MATERIAL FOR THIS EXERCISE -

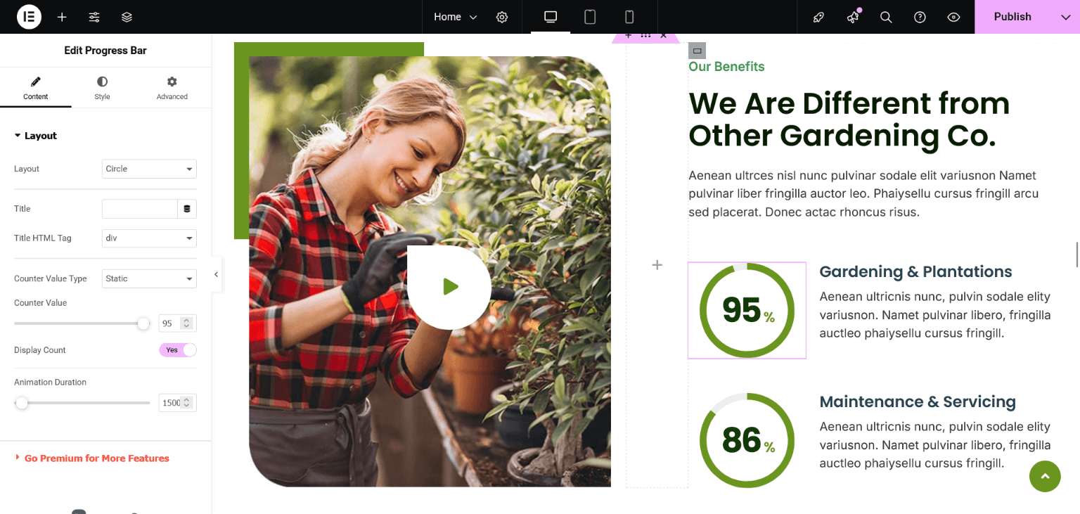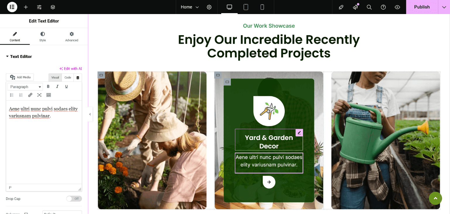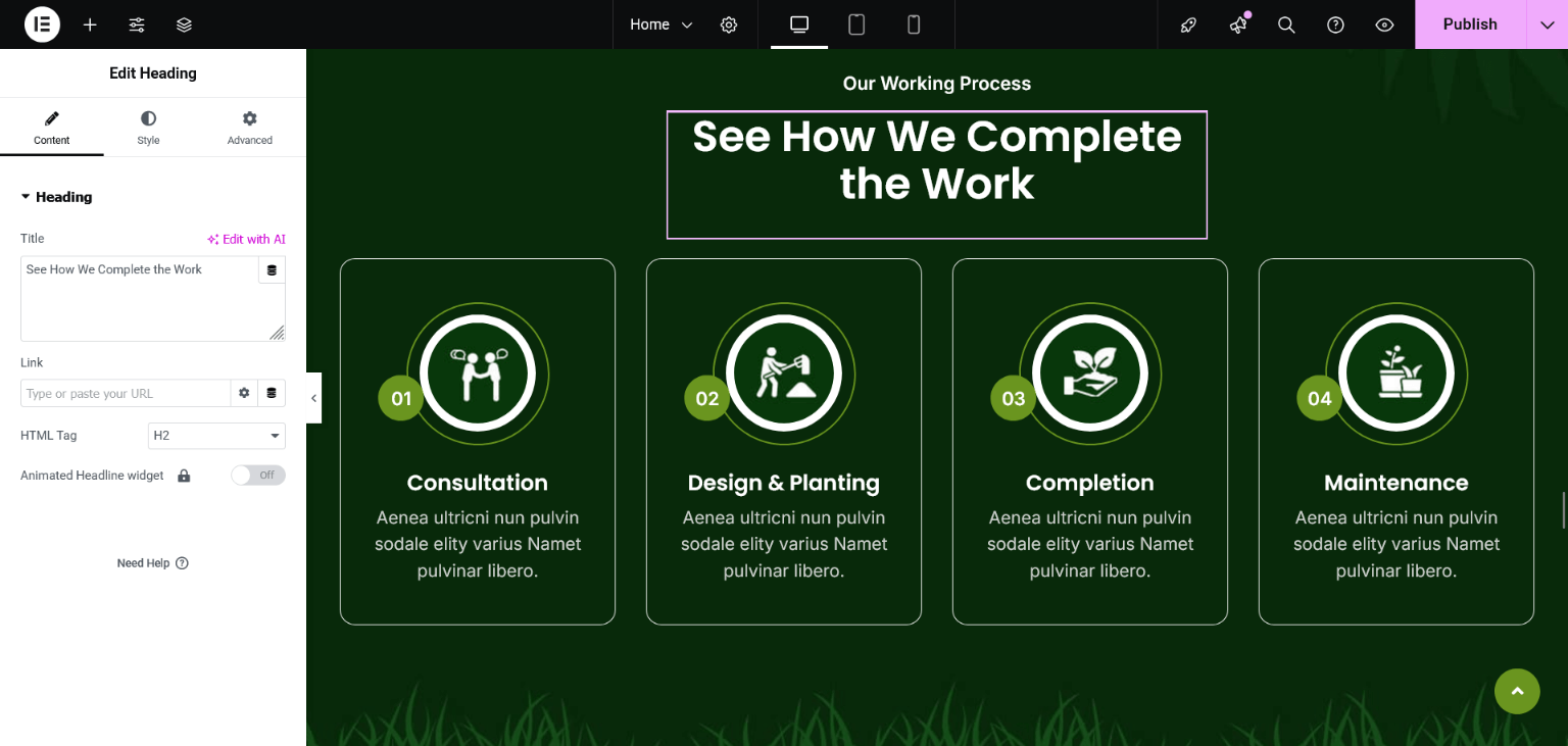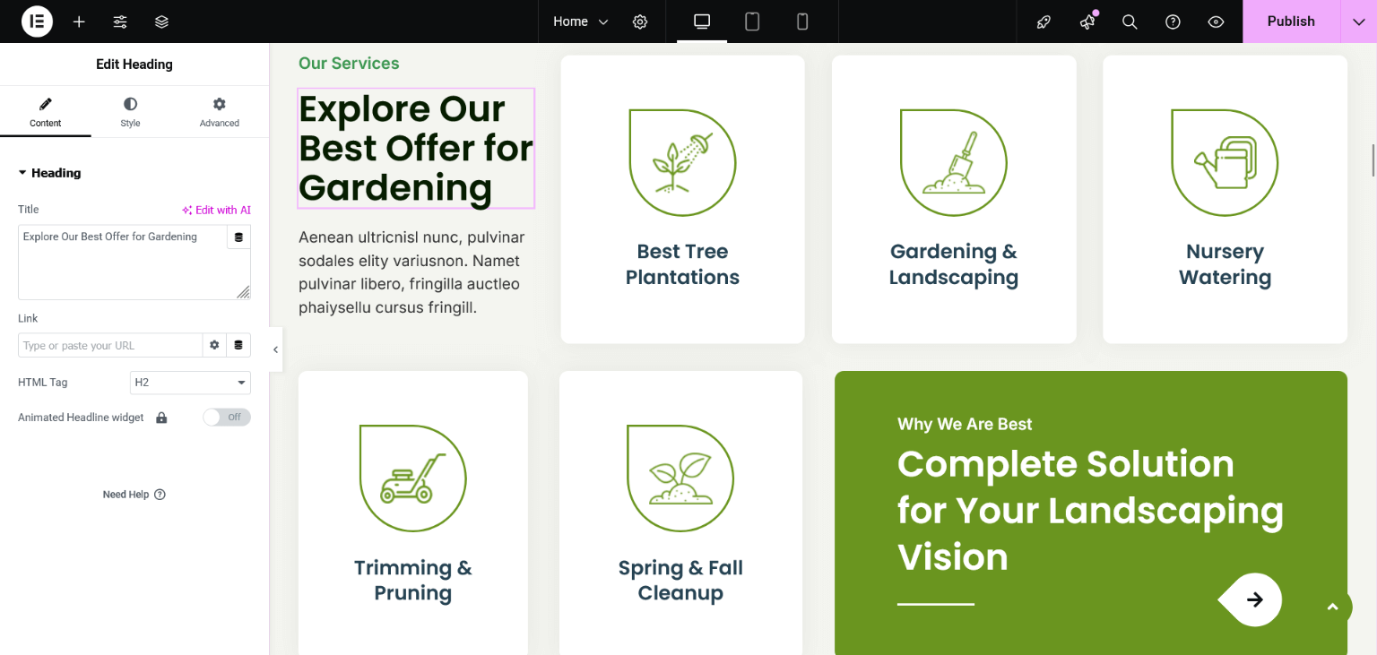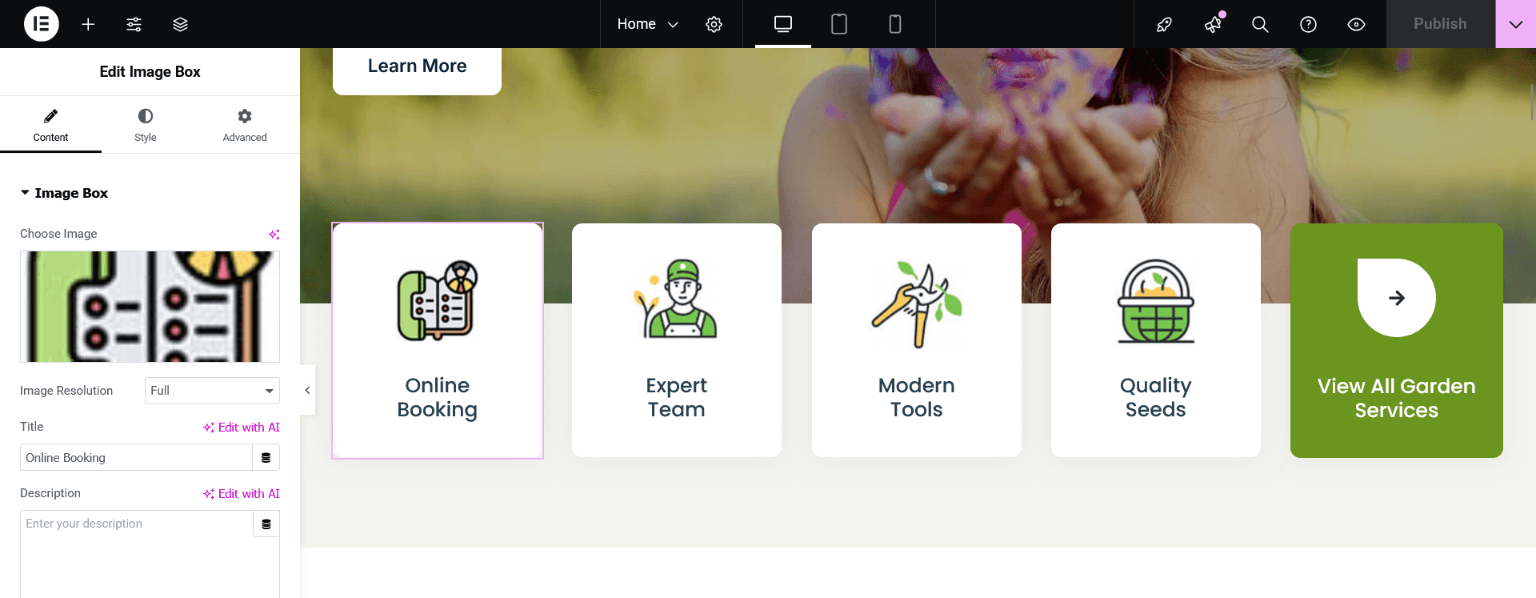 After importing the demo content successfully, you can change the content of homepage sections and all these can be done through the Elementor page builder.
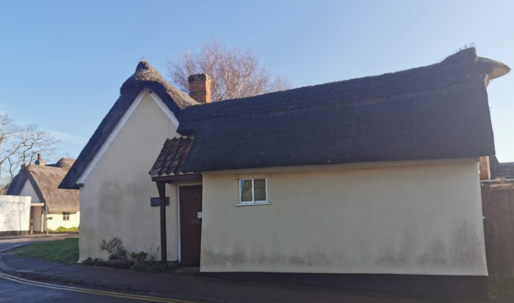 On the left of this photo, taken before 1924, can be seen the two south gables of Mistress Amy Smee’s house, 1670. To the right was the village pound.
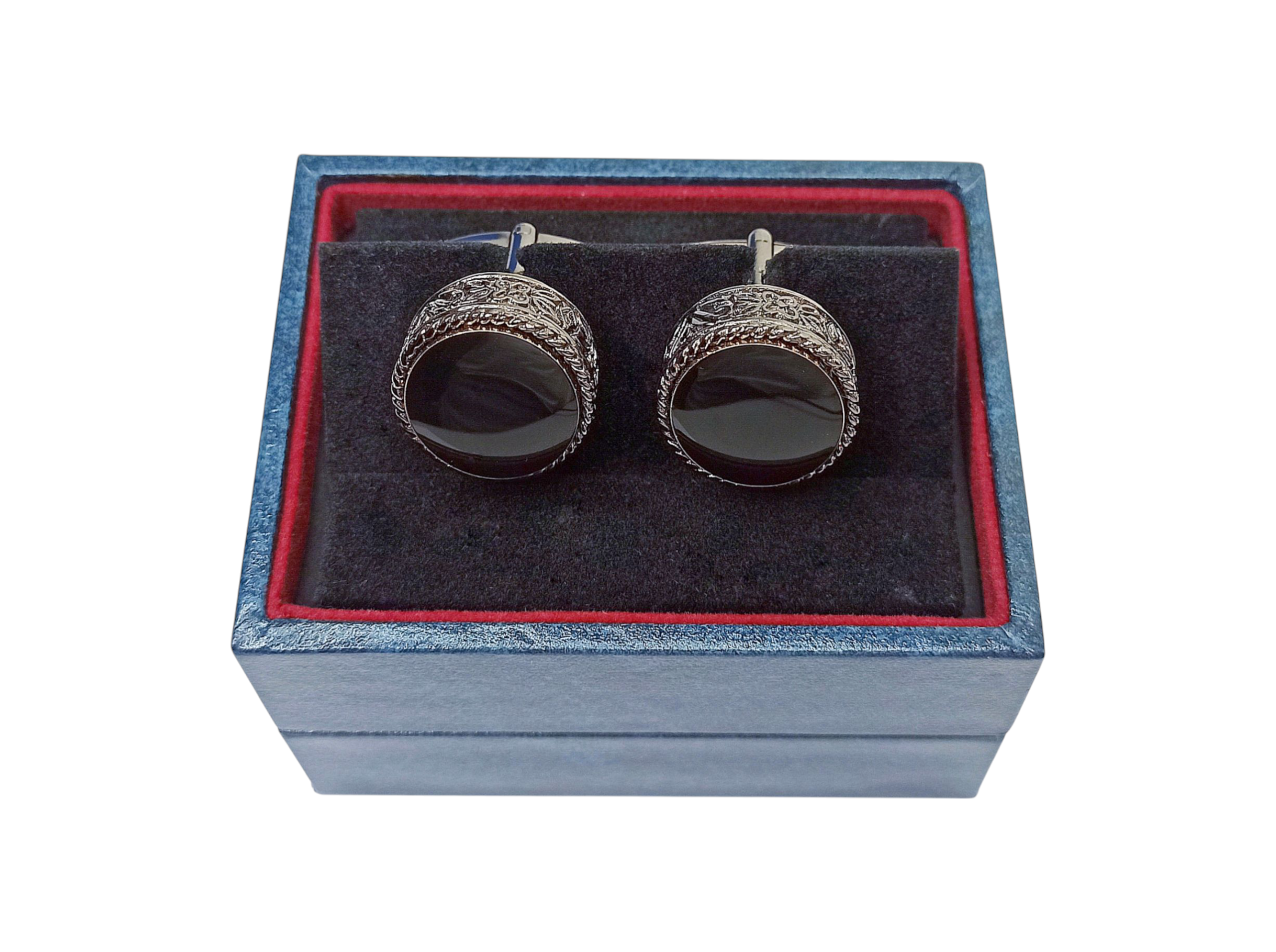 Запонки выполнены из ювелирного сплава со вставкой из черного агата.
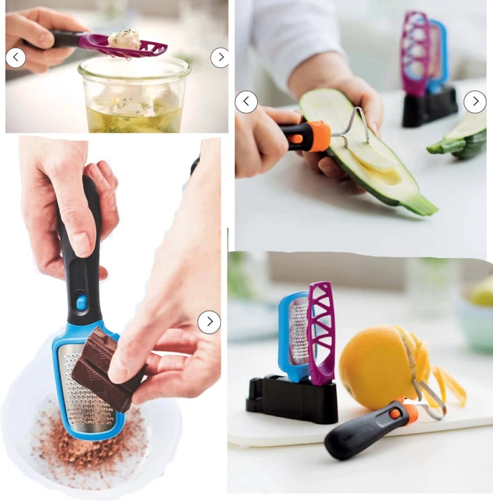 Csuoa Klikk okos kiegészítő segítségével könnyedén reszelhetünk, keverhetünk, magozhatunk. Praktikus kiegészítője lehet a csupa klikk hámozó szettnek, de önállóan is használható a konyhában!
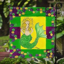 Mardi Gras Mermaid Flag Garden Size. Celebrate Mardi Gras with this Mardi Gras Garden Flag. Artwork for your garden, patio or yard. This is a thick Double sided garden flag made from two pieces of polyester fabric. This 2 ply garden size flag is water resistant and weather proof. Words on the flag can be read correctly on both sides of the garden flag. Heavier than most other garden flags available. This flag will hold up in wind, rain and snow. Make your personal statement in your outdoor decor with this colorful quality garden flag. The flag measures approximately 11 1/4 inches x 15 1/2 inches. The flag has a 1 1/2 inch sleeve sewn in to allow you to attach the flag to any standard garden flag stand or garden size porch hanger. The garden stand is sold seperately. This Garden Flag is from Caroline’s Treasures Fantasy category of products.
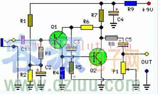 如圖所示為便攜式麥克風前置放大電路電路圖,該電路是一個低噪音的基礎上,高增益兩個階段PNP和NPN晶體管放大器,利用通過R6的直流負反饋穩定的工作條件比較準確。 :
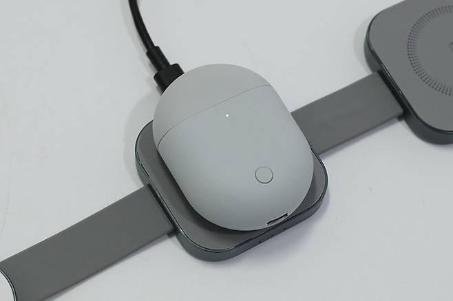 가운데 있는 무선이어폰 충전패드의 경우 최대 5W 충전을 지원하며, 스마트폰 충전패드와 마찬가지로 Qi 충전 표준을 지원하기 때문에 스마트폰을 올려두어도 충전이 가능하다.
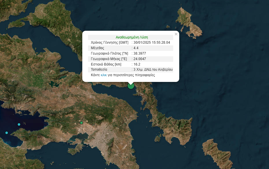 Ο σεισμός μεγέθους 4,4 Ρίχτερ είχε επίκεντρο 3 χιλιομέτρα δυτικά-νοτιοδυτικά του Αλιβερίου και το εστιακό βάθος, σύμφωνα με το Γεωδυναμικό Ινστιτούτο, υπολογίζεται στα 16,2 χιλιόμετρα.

THE TASK -
Word for word, please reproduce each entry above and leave out every picture.

OUTPUT FOR THIS TASK -
 After importing the demo content successfully, you can change the content of homepage sections and all these can be done through the Elementor page builder.
 On the left of this photo, taken before 1924, can be seen the two south gables of Mistress Amy Smee’s house, 1670. To the right was the village pound.
 Запонки выполнены из ювелирного сплава со вставкой из черного агата.
 Csuoa Klikk okos kiegészítő segítségével könnyedén reszelhetünk, keverhetünk, magozhatunk. Praktikus kiegészítője lehet a csupa klikk hámozó szettnek, de önállóan is használható a konyhában!
 Mardi Gras Mermaid Flag Garden Size. Celebrate Mardi Gras with this Mardi Gras Garden Flag. Artwork for your garden, patio or yard. This is a thick Double sided garden flag made from two pieces of polyester fabric. This 2 ply garden size flag is water resistant and weather proof. Words on the flag can be read correctly on both sides of the garden flag. Heavier than most other garden flags available. This flag will hold up in wind, rain and snow. Make your personal statement in your outdoor decor with this colorful quality garden flag. The flag measures approximately 11 1/4 inches x 15 1/2 inches. The flag has a 1 1/2 inch sleeve sewn in to allow you to attach the flag to any standard garden flag stand or garden size porch hanger. The garden stand is sold seperately. This Garden Flag is from Caroline’s Treasures Fantasy category of products.
 如圖所示為便攜式麥克風前置放大電路電路圖,該電路是一個低噪音的基礎上,高增益兩個階段PNP和NPN晶體管放大器,利用通過R6的直流負反饋穩定的工作條件比較準確。 :
 가운데 있는 무선이어폰 충전패드의 경우 최대 5W 충전을 지원하며, 스마트폰 충전패드와 마찬가지로 Qi 충전 표준을 지원하기 때문에 스마트폰을 올려두어도 충전이 가능하다.
 Ο σεισμός μεγέθους 4,4 Ρίχτερ είχε επίκεντρο 3 χιλιομέτρα δυτικά-νοτιοδυτικά του Αλιβερίου και το εστιακό βάθος, σύμφωνα με το Γεωδυναμικό Ινστιτούτο, υπολογίζεται στα 16,2 χιλιόμετρα.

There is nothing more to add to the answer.